Indian market witnessed another day of sell-off on January 29, the F&O expiry day, pushing both Sensex and Nifty50 towards crucial support levels.
The S&P BSE Sensex recouped some losses but still dropped over 500 points while the Nifty50 fell more than 100 points.
Sectorally, selling pressure was seen in realty, IT, FMCG, auto, and healthcare stocks while some buying was seen in oil & gas, telecom, banks, and consumer durables.
Stocks that were in focus included India Cement which fell more than 5 percent, Bank of Baroda (down over 9 percent), and HDFC Bank (3 percent).
We have collated views of experts on what investors should do when the market resumes trading on January 29:
Expert: Shrikant Chouhan, Executive Vice President, Equity Technical Research at Kotak Securities:
India Cement: Strong possibility of a fresh uptrend rally
The stock has registered a sharp price surge in the recent past but after the breakout above Rs 170, it failed to sustain at higher levels and due to consistent selling pressure it slumped over 15 percent.
Over the last couple of weeks, the stock has been volatile and the texture of the chart suggests that it will remain volatile for the next few trading sessions.

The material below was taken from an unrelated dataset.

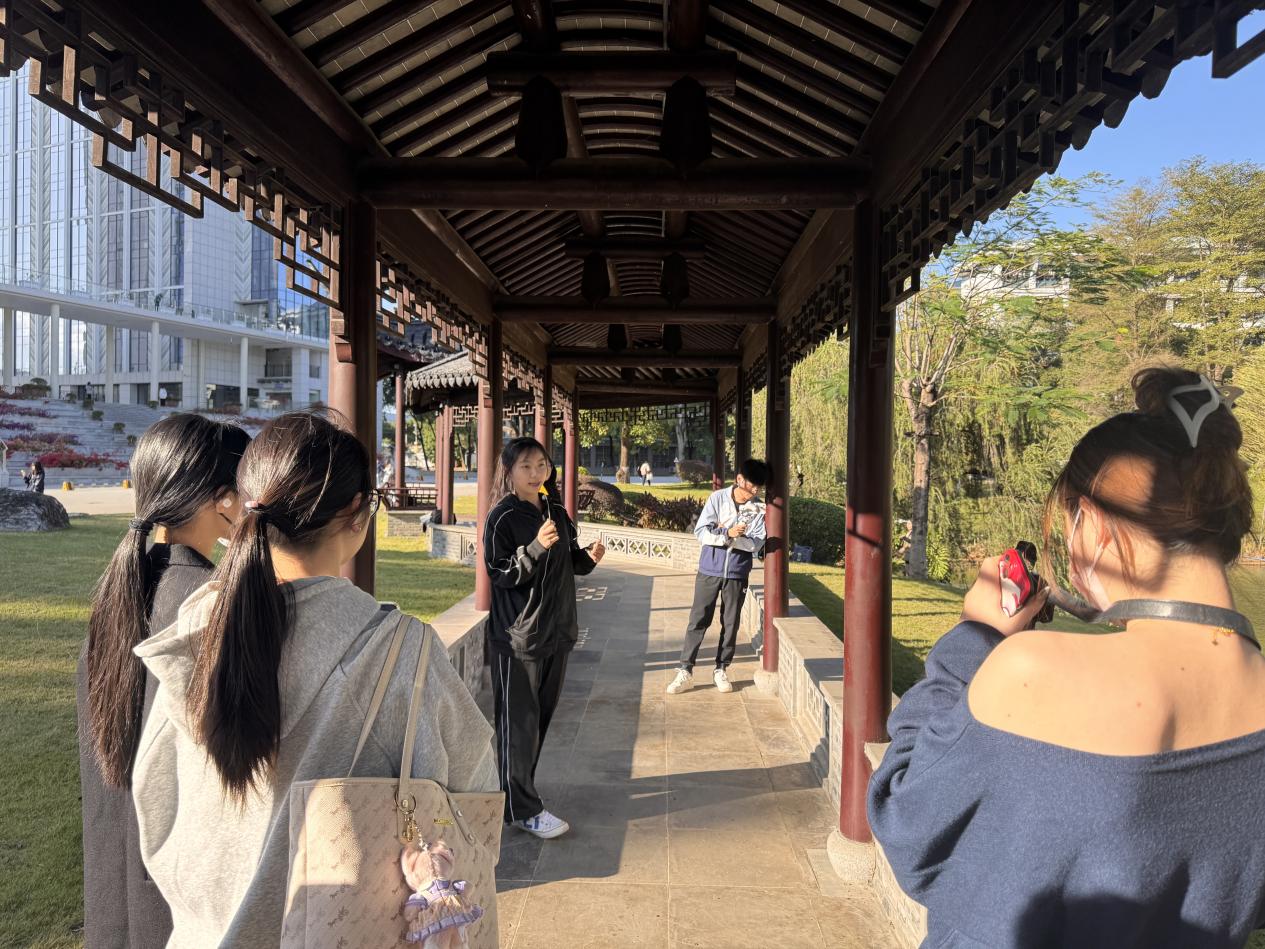 活动当天,师生们在学校充满寓意的校训石前集合进行大合照,拉开此次活动的序幕,学生领队高举导游旗,带领“游客们”游览南国商学院的建筑和景观,学生导游为“游客们”讲解了南国商学院校训石、南园、节园、醉翁亭、不孤亭、日月湖、绿色生态基地、莲花池、茉莉茶舍等景点的历史故事和建设意义。力求通过模拟真实的导游场景,让学生在实际操作中巩固所学知识,提升综合素质。

However, the medium-term structure of the stock is still on the positive side and is likely to continue in the near term.
In addition, on daily and weekly charts, the stock still maintains higher bottom series which is broadly positive for India Cement.
Currently, the stock is trading near 50-Days SMA, and the daily and weekly structure of the stock clearly suggest a strong possibility of a fresh uptrend rally from current levels.
Bank of Baroda: Exit longs on a close below Rs 63
After registering a breakout above Rs 70, the stock quickly rallied up to 80.80, but due to extremely weak market conditions, the stock witnessed selling pressure at a higher level.
The correction was steep and price dominating. However, the larger texture of the Bank of Baroda is still in the positive side.
For positional traders, the level of Rs 63 or 50-Days SMA should be the key support level. If the stock manages to trade above the same then we can expect a fresh uptrend wave till Rs 75. On the flip side, if it closes below Rs 63, traders may prefer to exit out from trading long positions.
HDFC Bank: Contra traders can take long bets
Over the last couple of weeks, the stock is witnessing a price correction. So far this week, the stock has corrected over 5 percent. The sharp sell-off from its all-time high level clearly indicates that bears are in total control and the price correction likely to continue in the near future.
In addition, on weekly charts, the stock has formed a strong bearish candle indicating further weakness from current levels.
In the short run, Rs 1450 should be an important resistance level. Below the same correction wave will continue up to Rs 1325-1300. Contra traders can take a long bet near Rs 1300 level with Rs 1250 support stop loss.
Disclaimer: The views and investment tips expressed by experts on Moneycontrol.com are their own and not those of the website or its management. Moneycontrol.com advises users to check with certified experts before taking any investment decisions.